Thursday, July 21, 2011

1913 and the Tormalet Incident

Eugène Christophe (born Malakoff, Paris, France, 22 January 1885, died Paris, 1 February 1970 in) was a French road bicycle racer and pioneer ofcyclo-cross. He was a professional from 1904 until 1926. In 1919 he became the first rider to wear the yellow jersey of the Tour de France .


Eugène Christophe rode 11 Tours de France and finished eight. He never won but he became famous for having to weld together his bicycle while leading. It was one of a series of events that coloured his racing career.

Christophe rode for Peugeot and his team attacked from the start to demoralise the rival Alcyon riders and, in particular, Defraye. It worked. Defraye was 11 minutes behind at Oloron-Ste-Marie, 14 in Eaux-Bonnes, 60 at Argelès. He dropped out at Barèges, at the foot of the Tourmalet, the highest pass in the Pyrenees. Christophe dropped all the field except another Belgian, Philippe Thys, who followed at a few hundred metres. Thys was of no danger, however, because he had lost too much time earlier. The two were five minutes ahead of the rest.

In 1913 Christophe was well placed to win when a mechanical failure cost him the race. He rode the first part, from Paris to Cherbourg and then down the coast to the Pyrenees cautiously. He was in second place when the race stopped in Bayonne on the night before the first day in the mountains, when the course a succession of cols: the Oschquis, Aubisque, Soulor, Gourette, Tourmalet, Aspin and Peyresourde. The field set off at 3am with Christophe 4m 5s behind Odile Defraye, of Belgium.

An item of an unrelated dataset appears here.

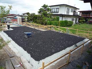 今日は、基礎の部分に、炭を敷きました。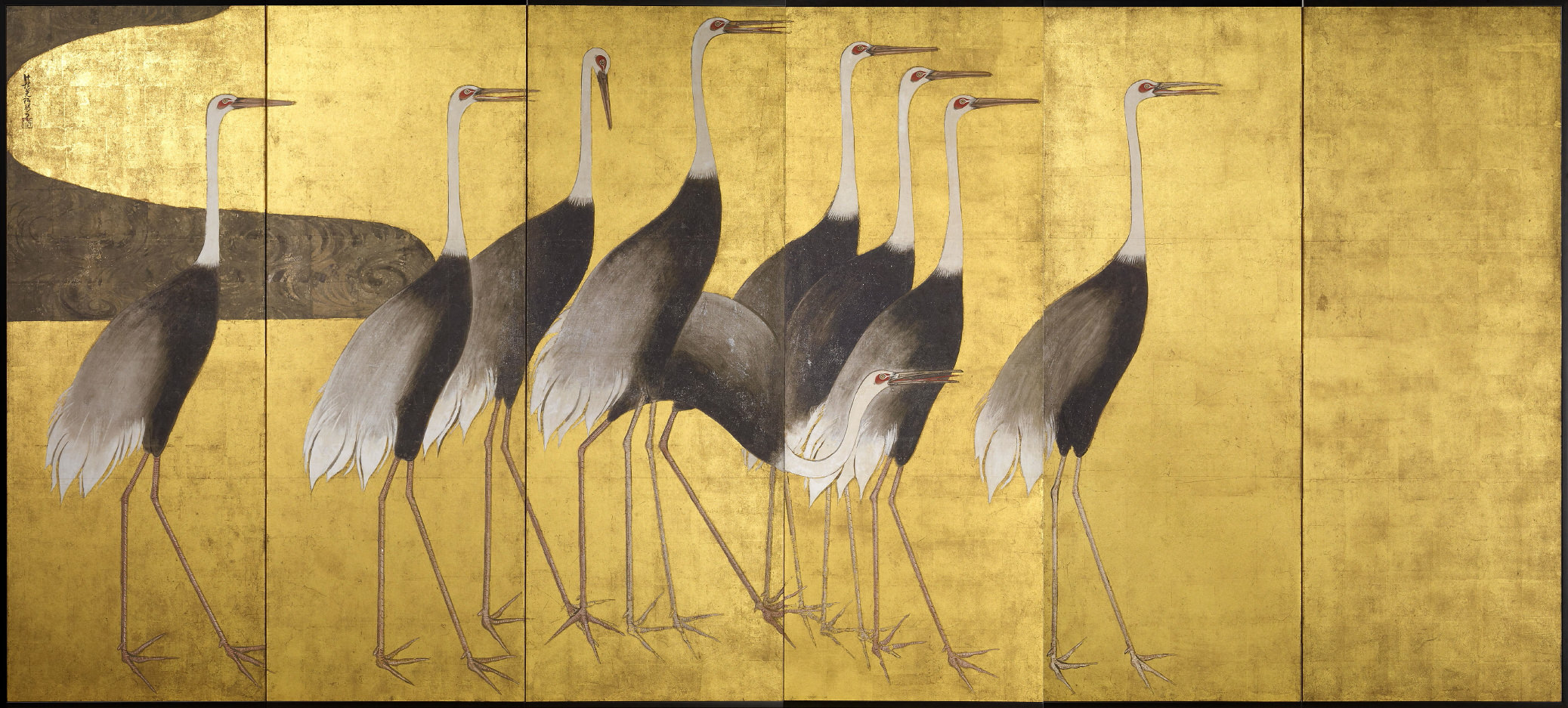 This bold composition presents a grouping of black and white cranes extending to the left and right across a gold background. It is the work of Ogata Korin, a painter representative of the Edo period who created his own world with innovative compositions and graceful depictions. The 19 cranes in this work, grouped in a rhythmic arrangement, are walking in a stylized manner toward the center of the folding screen. Stylized swirling waves at both ends of the screen create a unique sense of space. Korin was born to the family who operated the wealthy drapery store "Kariganeya" in Kyoto, where he began painting full-time in his 40s. Korin represented the Rimpa School, with its rich decorative style that flourished during the Edo Period. In later years, Sakai Hoitsu and Suzuki Kiitsu drew with a similar sense of composition and demonstrated the flow of the Rimpa School.

Christophe stopped at the top of the mountain, reversed his back wheel to pick a higher gear

Christophe said:

I plunged full speed towards the valley. According to Henri Desgrange's calculation, I was then heading the general classification with a lead of 18 minutes. So, I was going full speed. All of a sudden, about ten kilometres from Ste-Marie-de-Campan down in the valley, I feel that something is wrong with my handlebars. I cannot steer my bike any more. I pull on my brakes and I stop. I see my forks are broken. Well, I tell you now that my forks were broken but I wouldn't say it at the time because it was bad publicity for my sponsor.
And there I was left alone on the road. When I say the road, I should say the path. All the riders I had dropped during the climb soon caught me up. I was weeping with anger. I remember I heard my friend Petit-Breton shouting as he saw me, 'Ah, Cri-Cri, poor old lad.' I was getting angry. As I walked down, I was looking for a short cut. I thought maybe one of those pack trails would lead me straight to Ste-Marie-de-Campan. But I was weeping so badly that I couldn't see anything. With my bike on my shoulder, I walked for more than ten kilometres. On arriving in the village at Ste-Marie-de-Campan, I met a young girl who led me to the blacksmith on the other side of the village. His name was Monsieur Lecomte.

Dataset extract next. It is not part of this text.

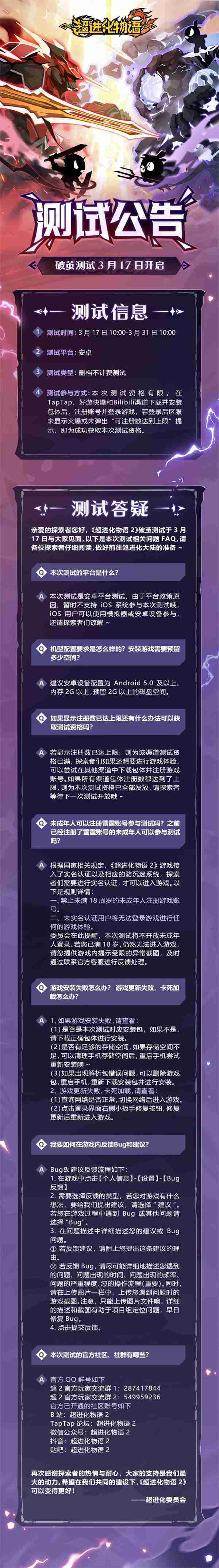 《超进化物语2》首次限号不计费删档测试——「破茧测试」将于3月17日开启,,随我们确认测试细节,,,,明天迈出踏上超进化大陆的第一步吧!!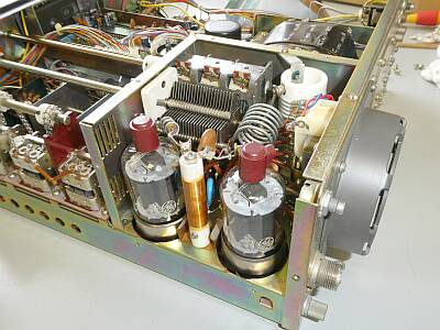 上蓋を外した様子 角度を変えて ファイナル部シールドを取り外してファイナル部を中心に写しています ファイナル管は、6146Bです(S2001ではありません) |

It took two hours to reach the forge. Lecomte offered to weld the broken forks back together but a race official and managers of rival teams would not allow it. A rider, said the rules, was responsible for his own repairs and outside assistance was prohibited. Christophe set about the repair as Lecomte told him what to do. It took three hours and the race judge penalised him 10 minutes - reduced later to three - because Christophe had allowed a seven-year old boy, Corni, to pump the bellows for him. Filling his pockets with bread, Christophe set off over two more mountains and eventually finished the tour in seventh place. The building on the site of the forge has a plaque commemorating the episode.

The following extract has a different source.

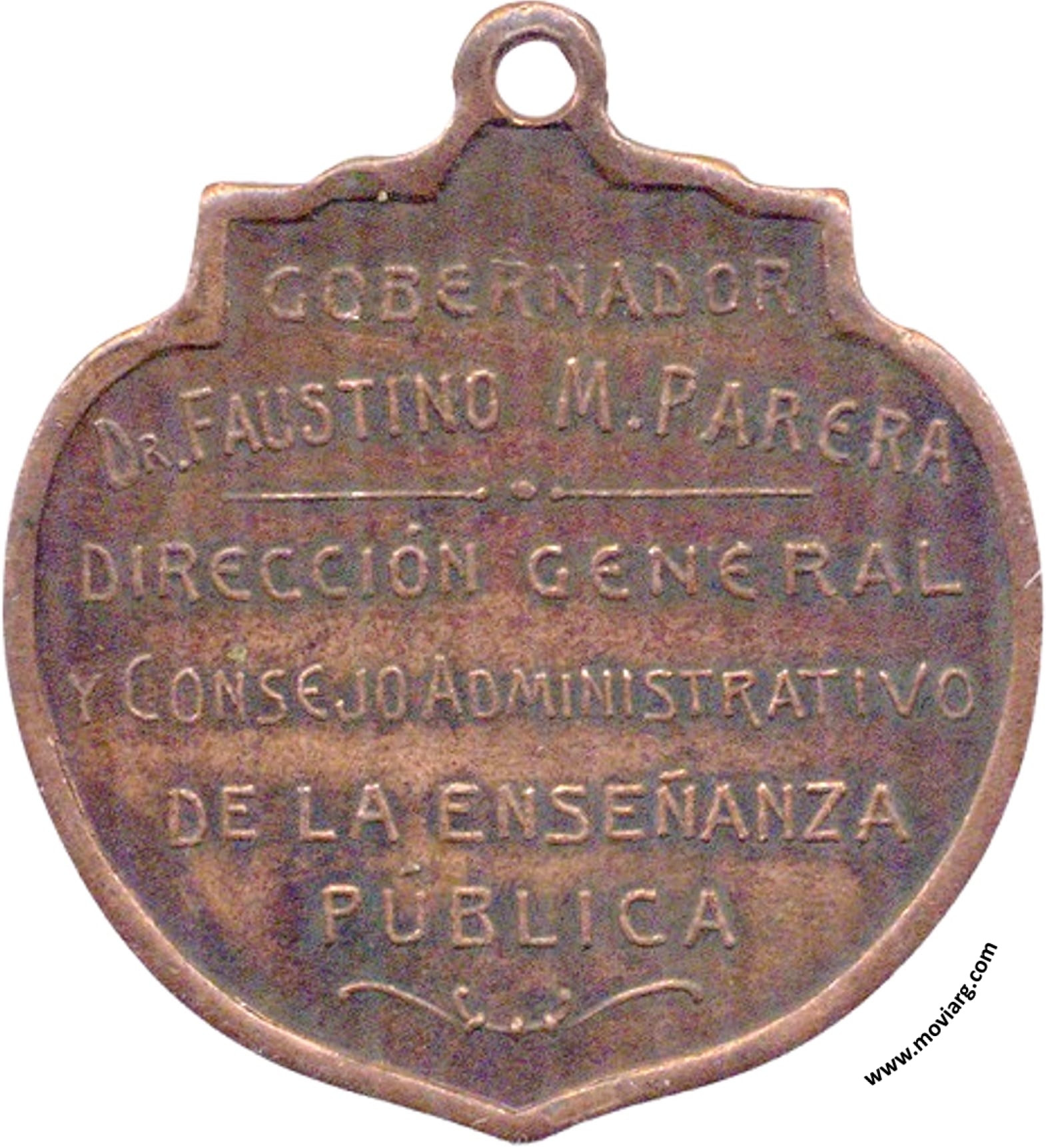 Anverso: " ESCUELA RIVADAVIA " / PIEDRA FUNDAMENTAL / PARANÁ / OCTUBRE DE 1908. Firma: HORTA Y CIA. Reverso: GOBERNADOR / DR. FAUSTINO M. PARERA / DIRECCIÓN GENERAL / Y CONSEJO ADMINISTRATIVO / DE LA ENSEÑANZA / PÚBLICA Referencia: | |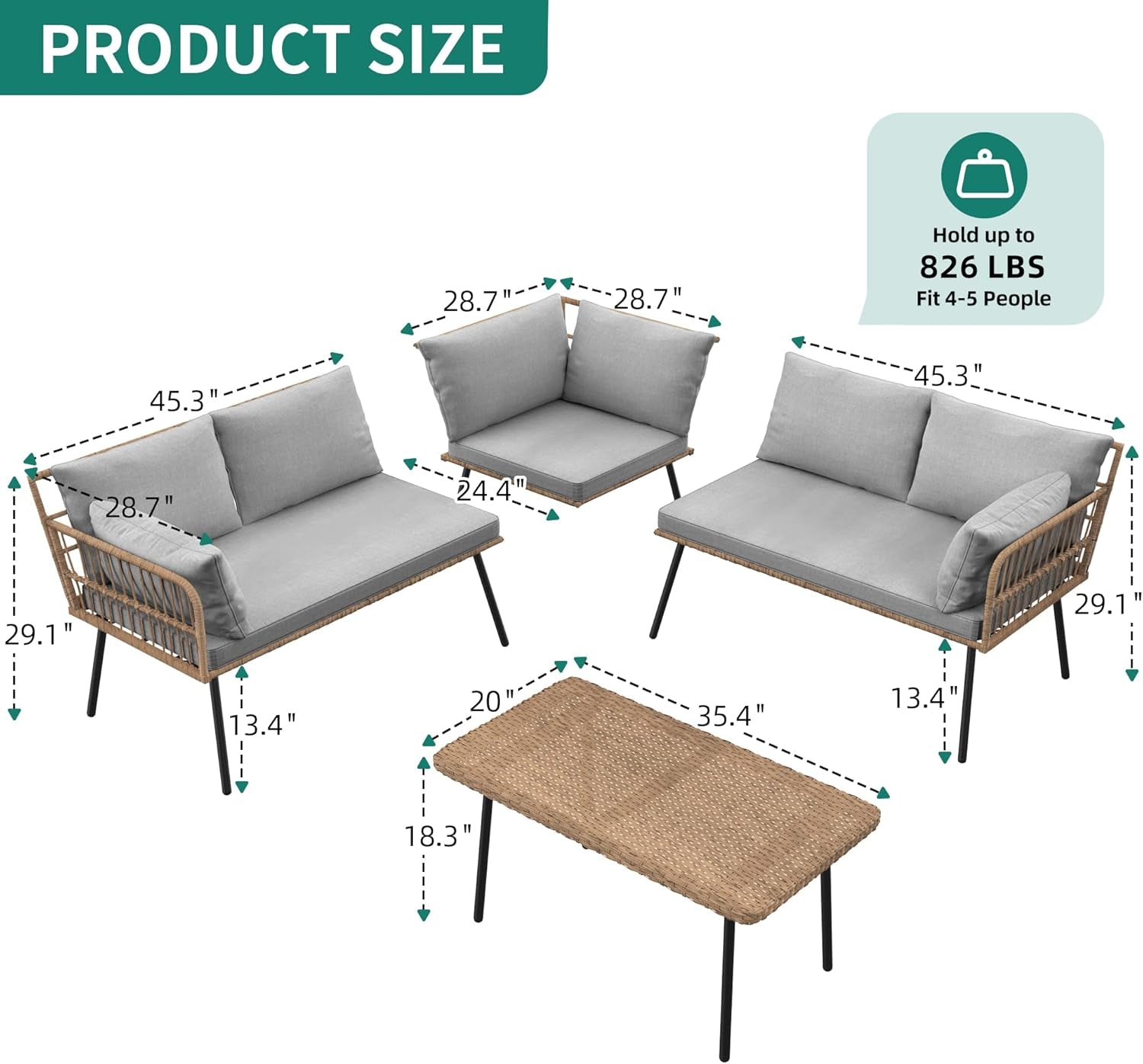 4 Pieces Patio Furniture Set, Outdoor Wicker Conversation Sectional

The forks which cost Christophe the race were taken away by Peugeot. He didn't see them again until a dying man bequeathed them to him more than 30 years later. Some reports say that Christophe broke his forks because he ran into a car on the descent. The historian and author, Bill McGann, says:

I have found no mention of a car in Christophe's own retelling of the story. Broken forks were not unusual. I am sure that the poor state of 1913 metallurgy and bad mountain roads caused the disaster. My own theory, based on little information, is that the car story is probably a piece of Peugeot disinformation. It must have been awful for Peugeot to have their famous rider celebrated for having broken a fork. A car crash makes this all easy to explain. The final nail in the coffin of the story is that Christophe said 'I wouldn't have told you then because it was bad publicity for my firm.' If it had been a car crash, there would have been no bad publicity because no one expects a bike to withstand a car crash.